## What the exercise asks
Begin at the line that contains "Tonight Show host" and reproduce it along with every line after it to the end of the listing; skip any pictures.

## Dataset records
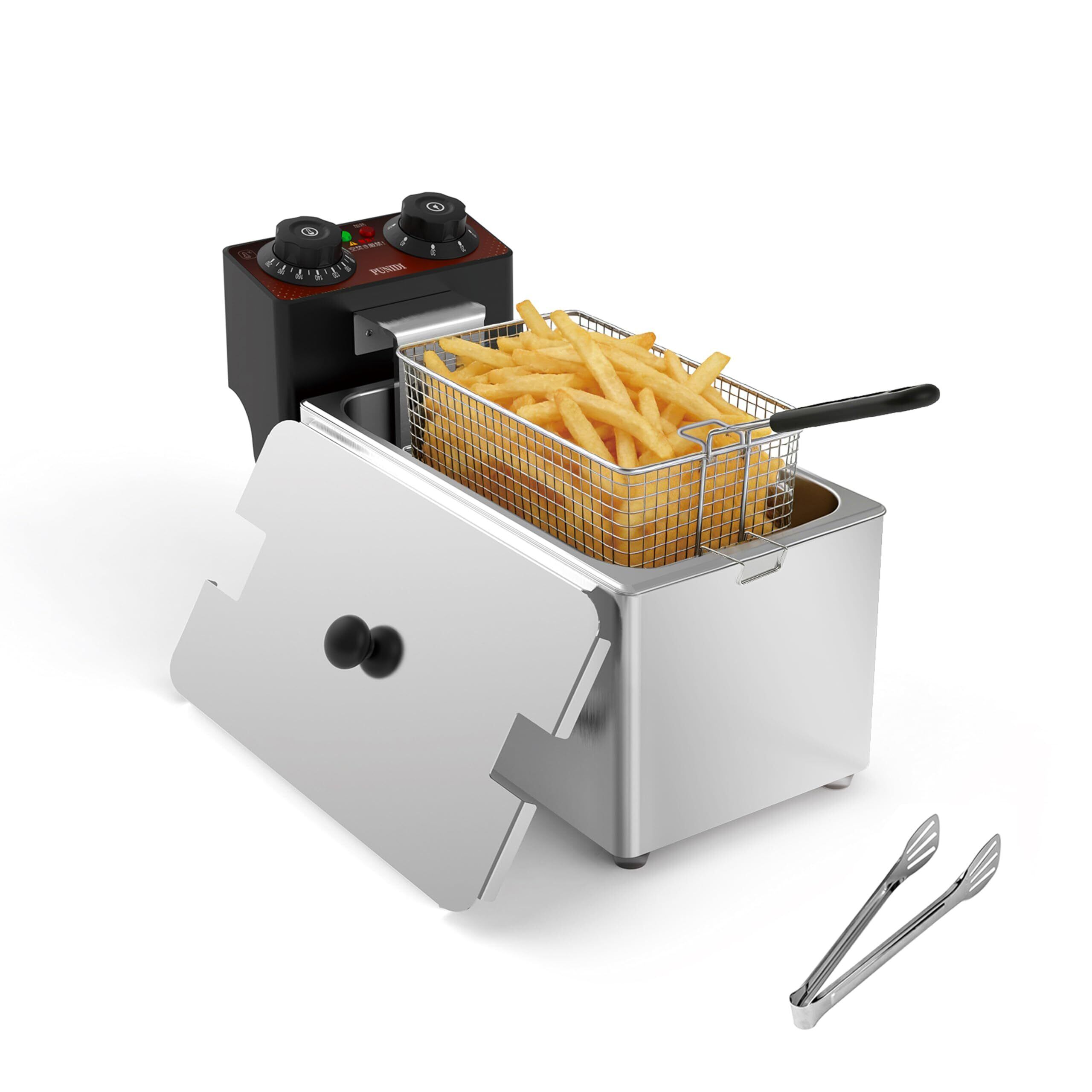 【特価商品】4L 電気フライヤー 4L 家庭用 業務用 卓上 タイマー付き 100V 1500W 5リング加熱管 急速予熱 60~200℃ 精密温度調節 自動保温 ステンレス油槽 ステンレス製フライバスケット付き フライドポテト/フライドチキン/各種天ぷら用
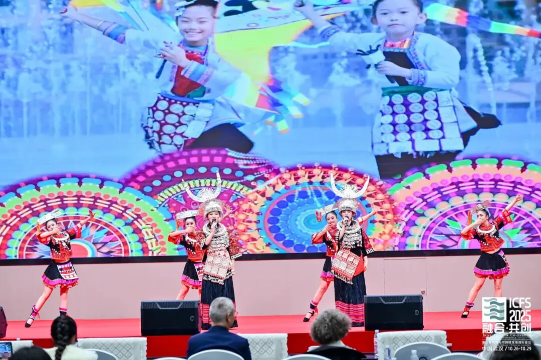 After the keynote forum, artists from Qiandongnan Prefecture in Guizhou Province presented a cultural feast for the attendees with intangible cultural heritage performances such as Dong Ethnic Grand Choirs and Pipa singing. Yang Guoxiang, Deputy Director of the Qiandongnan Prefecture Culture, Sports, Radio, Television, and Tourism Bureau, delivered a speech, systematically introducing the rich intangible cultural heritage of Qiandongnan to global scholars and extending sincere wishes for the successful convening of the conference, demonstrating the deep integration of cultural heritage and the theme of sustainable fashion development.
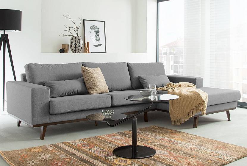 Здесь важно сделать упор на правильность сочетания: смешивание серого с теплыми тонами зачастую дает эффект «грязного» цвета. В этом случае предпочтительнее использовать цвета по отдельности: серый сделать основным фоном дивана, а желтый, красный, горчичный использовать для декоративных элементов (подушек, приставных пуфов, накладных подлокотников)
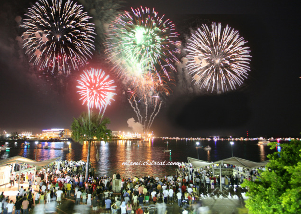 Keriaan berpusat di downtown, Bayfront Park, dimulai dengan tari-tarian pada pukul 8 malam hingga puncaknya kembang api saat tengah malam. Di South Beach, Lummus Park di Ocean Drive juga biasa digelar pesta dari pukul 9 malam sampai 2 pagi. Pesta di sini juga dimeriahkan musik hidup dan kembang api. Untuk party lovers, banyak hotel mewah di Miami juga menyelenggarakan acara eksklusif dengan pesta kembang api privat.
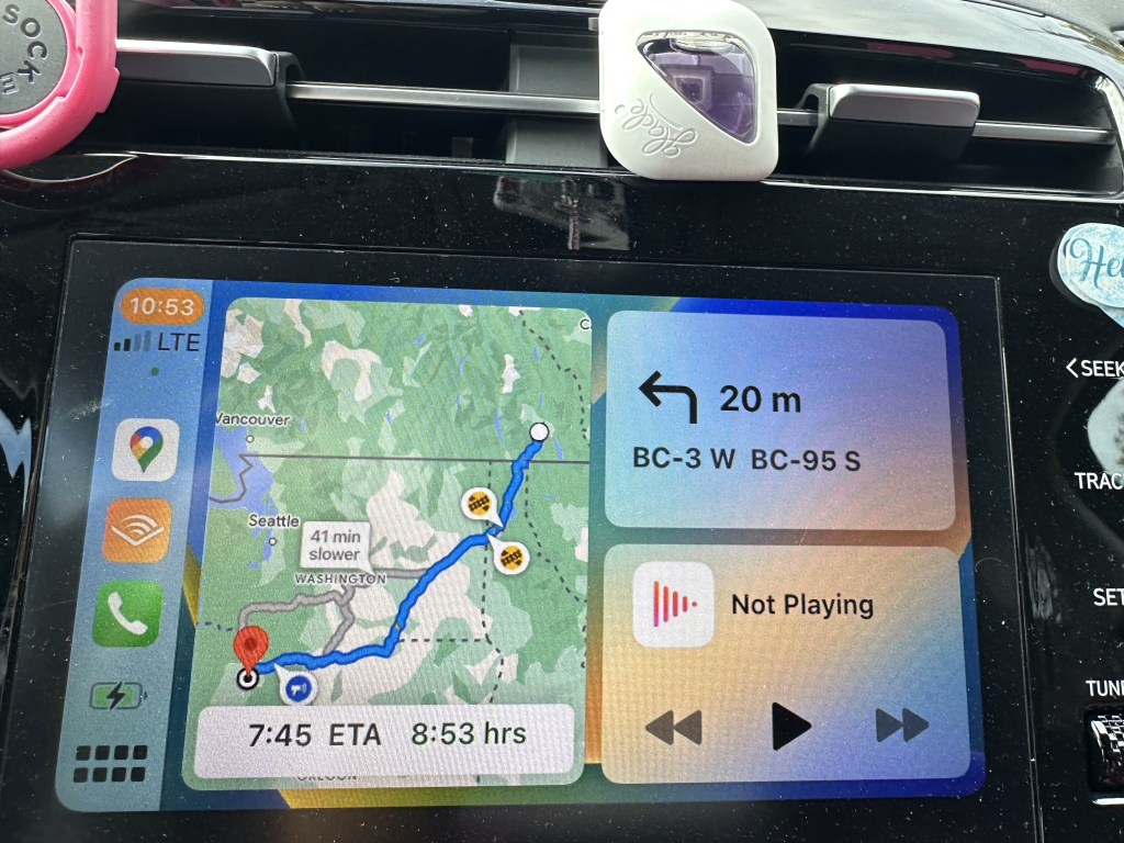 Last stop for gas was in Eureka and then it was a short hop to the border. If finished listening to The Palace Papers and began listening to “ A Promised Land” written and narrated by Barack Obama. I am not going to kid you, it is nice listening to both his story and his voice. The Palace Papers was an interesting take, summing up all of the things I have already read or watched and giving a good perspective and review. I do like Audible. It was fun to listen to my music while with Sonia. I set my music on alphabetical songs and we made it to the start of the C list on our time together. I only skipped Christmas and hard core gospel.
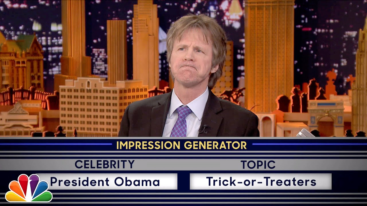 Tonight Show host Jimmy Fallon and actor/comedian Dana Carvey take turns performing randomly selected celebrity impressions while discussing Halloween-themed topics.
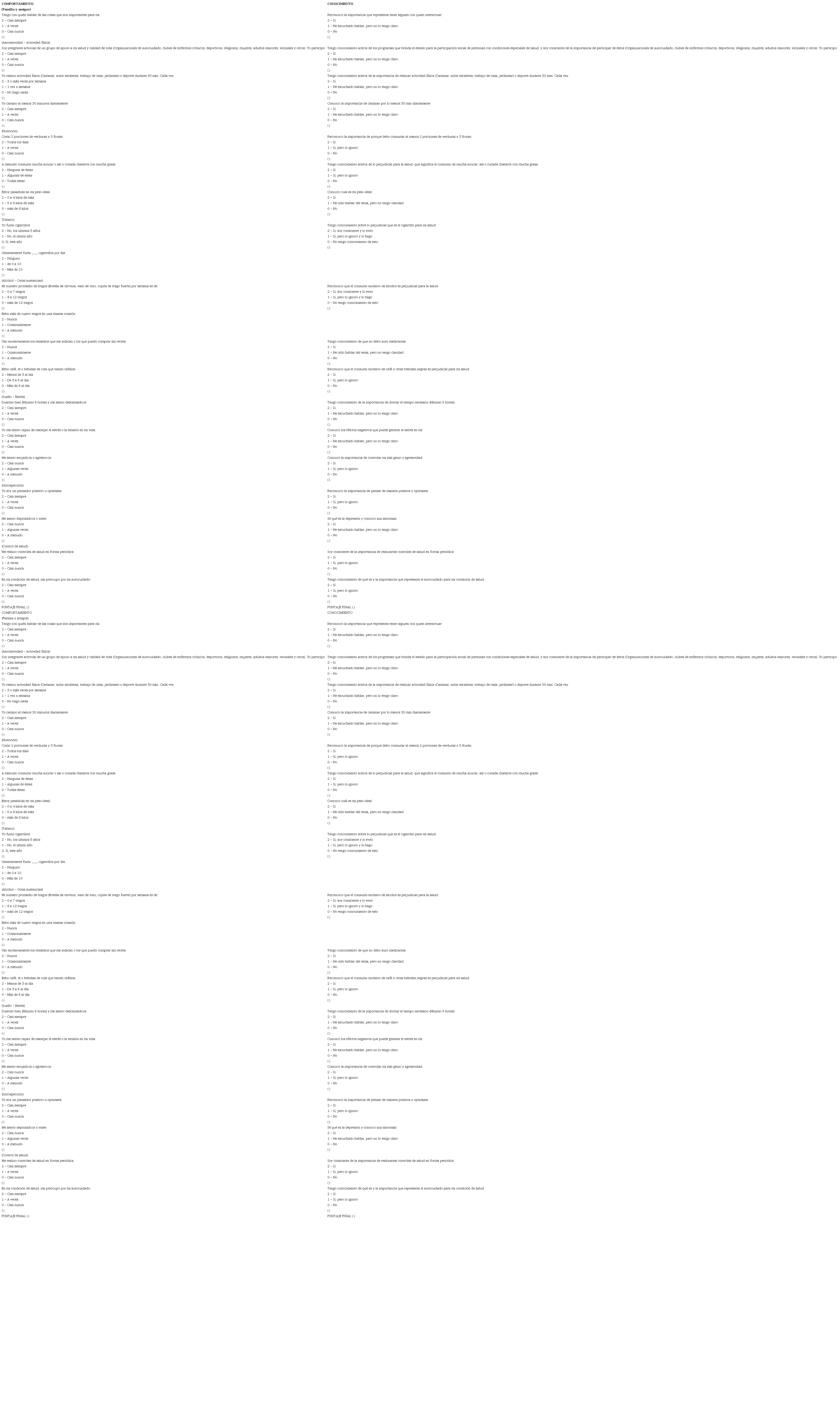 Para la recopilación de los datos fue utilizada una encuesta tipo likert creada por los investigadores basada en el cuestionario FANTÁSTICO (18,19, 20), al cual se le hicieron adaptaciones de constructo y se realizó validez de contenido en consenso de expertos. (Ver anexo 1). Se evaluaron los siguientes criterios, comportamentales y de conocimiento: entorno familiar y amigos, actividad física, nutrición, tabaquismo, alcohol, otras sustancias, sueño, estrés, introspección y control de salud.
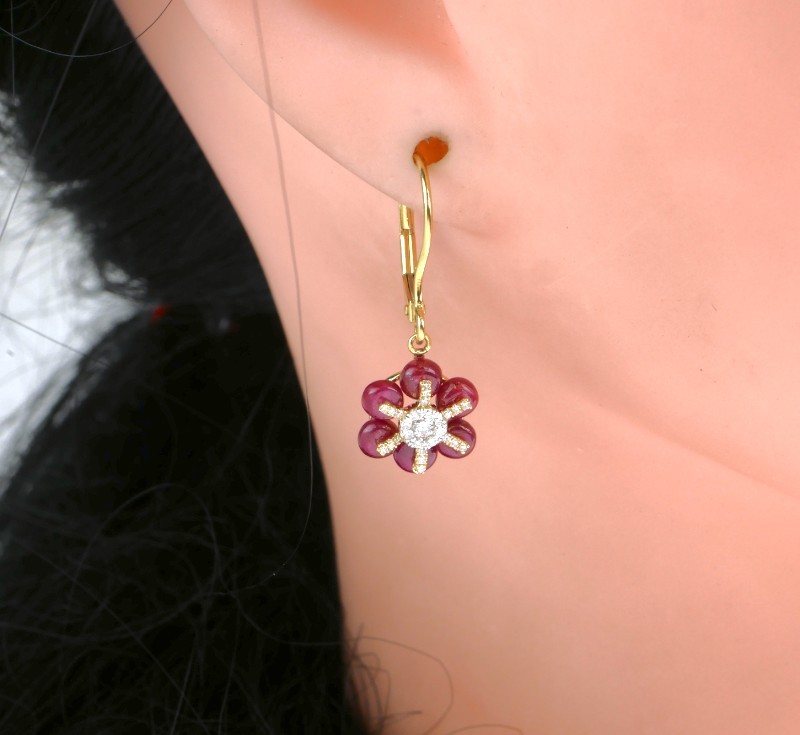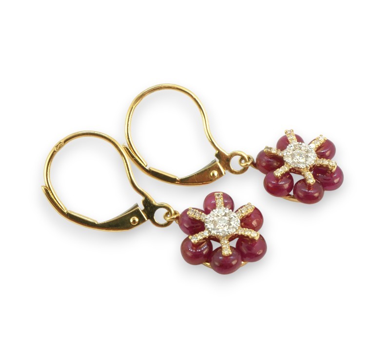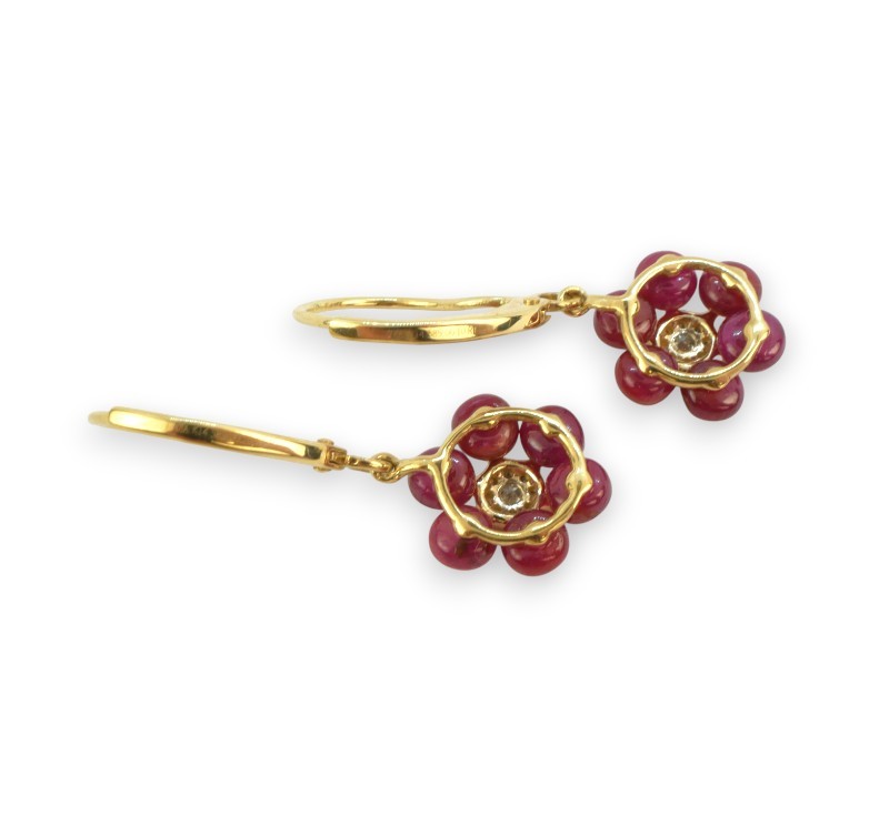 Náušnice ze žlutého zlata ryzosti 585/1000 s rubíny a diamanty briliantového brusu o celkové hmotnosti 0,20 ct. Celková hmotnost obou náušnic je 2,40 g. Průměr ověsu 1 cm.

## Finished exercise
 Tonight Show host Jimmy Fallon and actor/comedian Dana Carvey take turns performing randomly selected celebrity impressions while discussing Halloween-themed topics.
 Para la recopilación de los datos fue utilizada una encuesta tipo likert creada por los investigadores basada en el cuestionario FANTÁSTICO (18,19, 20), al cual se le hicieron adaptaciones de constructo y se realizó validez de contenido en consenso de expertos. (Ver anexo 1). Se evaluaron los siguientes criterios, comportamentales y de conocimiento: entorno familiar y amigos, actividad física, nutrición, tabaquismo, alcohol, otras sustancias, sueño, estrés, introspección y control de salud.
 Náušnice ze žlutého zlata ryzosti 585/1000 s rubíny a diamanty briliantového brusu o celkové hmotnosti 0,20 ct. Celková hmotnost obou náušnic je 2,40 g. Průměr ověsu 1 cm.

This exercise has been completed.